People v. Pace

92 Cal. App. 3d 199, 154 Cal. Rptr. 811, 1979 Cal. App. LEXIS 1668
CourtCalifornia Court of Appeal
DecidedApril 23, 1979
DocketCrim. 17911
StatusPublished
Cited by29 cases

This text of 92 Cal. App. 3d 199 (People v. Pace) is published on Counsel Stack Legal Research, covering California Court of Appeal primary law. Counsel Stack provides free access to over 12 million legal documents including statutes, case law, regulations, and constitutions.

Bluebook
People v. Pace, 92 Cal. App. 3d 199, 154 Cal. Rptr. 811, 1979 Cal. App. LEXIS 1668 (Cal. Ct. App. 1979).

Opinion

Opinion

HALYONIK, J.

J(1) We hold that the warrantless search of a container, removed from a person incident to arrest and reduced to the *201 exclusive control of the police, is unlawful because unjustified by any exigent circumstances.

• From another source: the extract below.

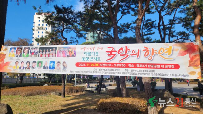 오는 2025년 11월 20일, 서울 종로3가 탑골공원 내 공연장에서 서울 시민을 위한 대규모 국악 문화축제 **'아름다운 동행 콘서트 - 국악의 향연'**이 열린다.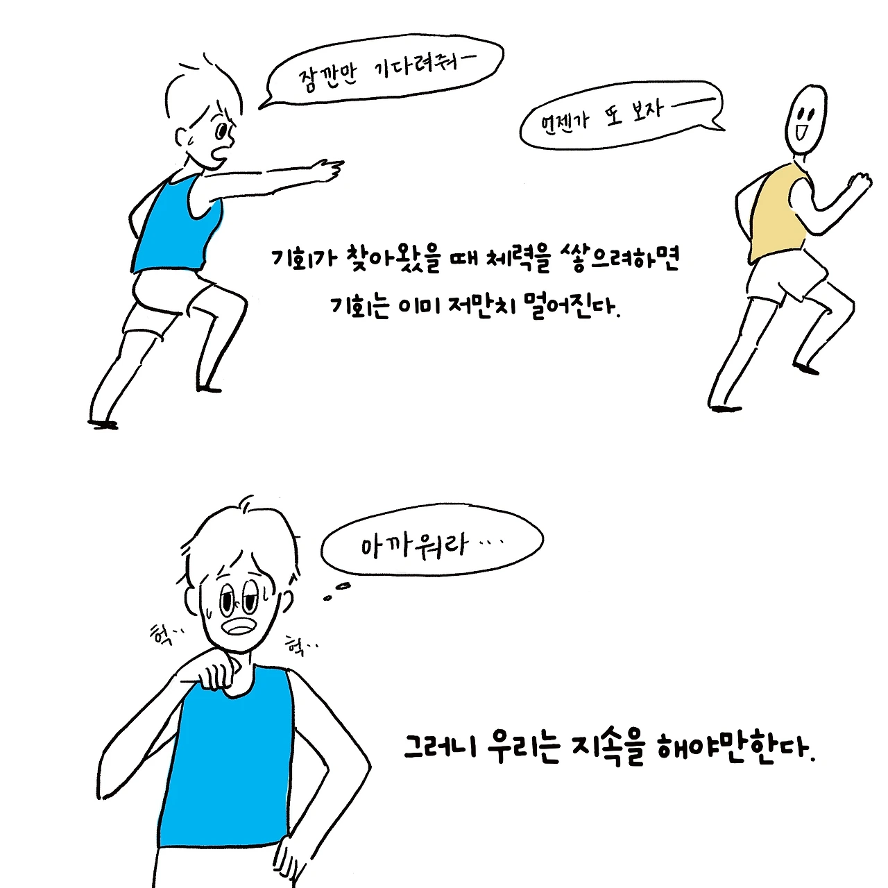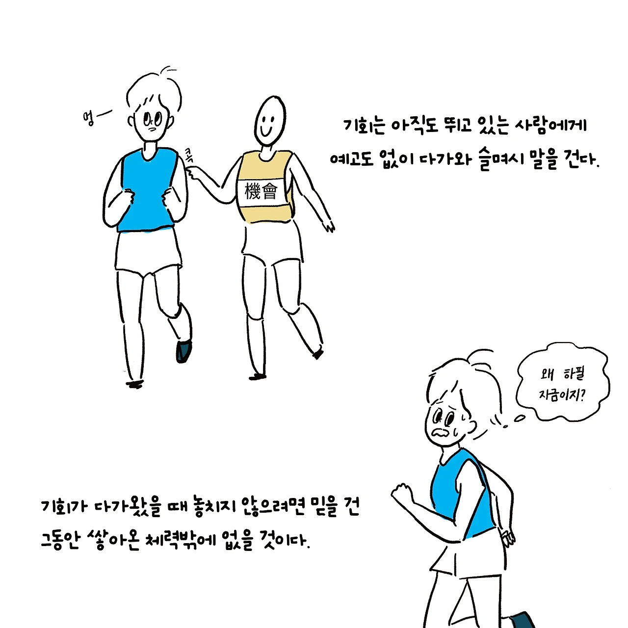 기회는 아직도 뛰고 있는 사람에게 예고도 없이 다가와 슬며시 말을 건다. 기회가 다가왔을 때 놓치지 않으려면 믿을 건 그동안 쌓아온 체력밖에 없을 것이다. 기회가 찾아왔을 때 체력을 쌓으려 하면 기회는 이미 저만치 멀어진다.

The arrest occurred on March 20, 1977. Officers Jack Dahl and Ronald Packard were on patrol in separate cars. Both were directed by radio to Union City’s Casa Verde Park to investigate complaints about an intoxicated man there. Packard arrived first and saw a man who “seemed to stagger quite heavily, almost in a somewhat dazed fashion . . . .” Packard said hello and asked him how things were going and “he just kind of stared at me.” Packard asked him how he felt and he said “I’m okay. I’m making it home. I’m fine.” He said that he lived “over there.” Packard asked for identification and the man felt in his pockets but produced nothing.

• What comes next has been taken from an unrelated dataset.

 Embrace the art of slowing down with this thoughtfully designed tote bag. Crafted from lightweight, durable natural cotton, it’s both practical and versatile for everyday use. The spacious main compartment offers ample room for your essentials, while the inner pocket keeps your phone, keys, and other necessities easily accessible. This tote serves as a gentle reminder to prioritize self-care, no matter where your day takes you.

Less than a minute passed before Dahl arrived and told Packard “that he thought he knew the individual was Mr. Pace.” Pace was carrying a lunchbox and Dahl told him “to set the box down for my own safety.” Pace complied, setting the lunchbox in front of Dahl. Dahl moved it to insure that it was beyond Pace’s reach. Dahl, like Packard, noticed Pace’s clumsy movements, thick tongue and incapacity to answer simple questions promptly. Dahl detected no smell of alcohol, noticed that Pace’s eyes were dilated, decided that he was not in need of medical assistance and concluded that he was under the influence of PCP or some other drug. Dahl handcuffed Pace and, without searching him, put him in the back of the patrol car. Dahl then returned to the lunchbox and “opened it up looking for some sort of identification, if the subject had any, and the possible intoxicant that he was under the influence of.” Dahl found exactly what he was looking for. The lunchbox contained, among other items, Pace’s driver’s license, PCP, marijuana and cocaine.

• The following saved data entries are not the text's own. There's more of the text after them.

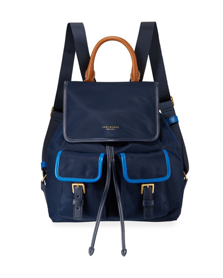 Shop new and gently used nylon tory burch backpacks at tradesy, the marketplace that makes designer resale easy. Tory burch ladies perry nylon backpack. Finished with a subtle logo accent, this tory burch backpack is a sleek version of a utilitarian style that's still roomy enough to keep up with all your daily adventures. Visit tory burch to shop for perry nylon flap backpack and more women's handbags.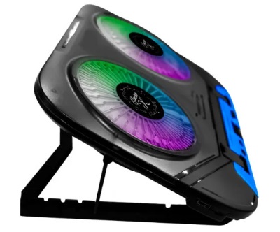 -Doble ventilador. -2 conexiones USB. -Control de velocidad. -Rejilla de metal. -Reclinable. -Multiposiciones. -Ideal para equipos entre 10 Plg y 17 Plg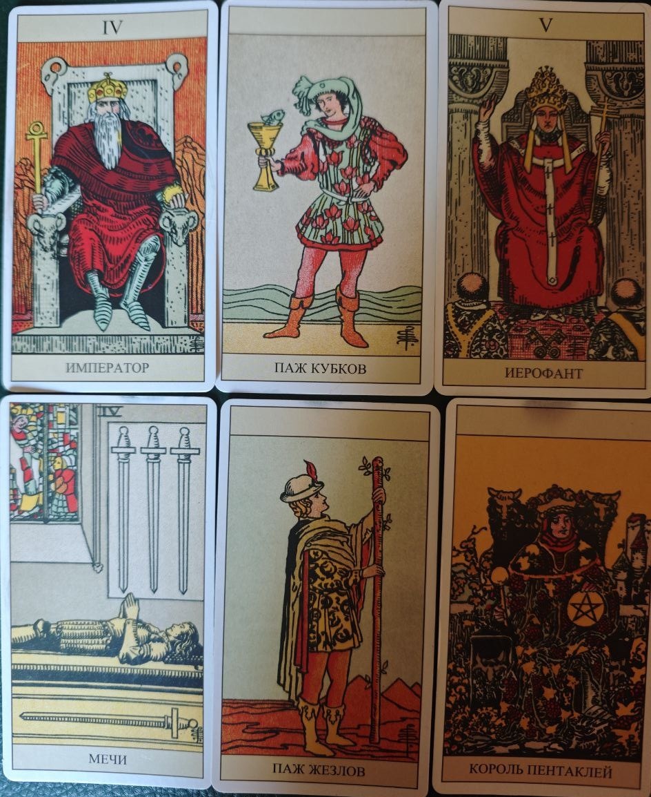 Карты, которые легли на стол: Император, Паж Кубков, Иерофант, 4 Мечей, Паж Жезлов, Король Пентаклей.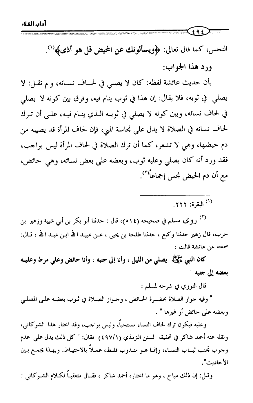 بأن حديث عائشة لفظه: كان لا يصلي في لحاف نسائه، ولم تقل: لا يصلي في ثوبه، فلا يقال: إن هذا في ثوب ينام فيه، وفرق بين كونه لا يصلي في لحاف نسائه، وبين كونه لا يصلي في ثوبه الذي ينام فيه، على أن ترك لحاف نسائه في الصلاة لا يدل على نجاسة المني، فإن لحاف المرأة قد يصيبه من دم حيضها، وهي لا تشعر، كما أن ترك الصلاة في لحاف المرأة ليس بواجب، فقد ورد أنه كان يصلي وعليه ثوب، وبعضه على بعض نسائه، وهي حائض، مع أن دم الحيض نجس إجماعاً (¬٢).

Pace pleaded guilty to a violation of Health and Safety Code section 11350, possession of cocaine. On this appeal, pursuant to Penal Code section 1538.5, subdivision (m), the sole question presented is whether the warrantless search of appellant’s lunchbox violated the constitutional guarantees prohibiting unreasonable searches and seizures. (U.S. Const., 4th Amend.; Cal. Const., art. I, § 13.)

The Attorney General submits that there was nothing dubious about the search and cites People v. Belvin (1969) 275 Cal.App.2d 955 [80 Cal.Rptr. 382] for the proposition that a search incident to arrest is not unlawful even when it extends to the inside of a container carried by a person when arrested.

*202 Pace does not quarrel with the Attorney General’s interpretation of that authority but contends that it is contradicted by the United States Supreme Court’s opinion in United States v. Chadwick (1977) 433 U.S. 1 [53 L.Ed.2d 538, 97 S.Ct. 2476].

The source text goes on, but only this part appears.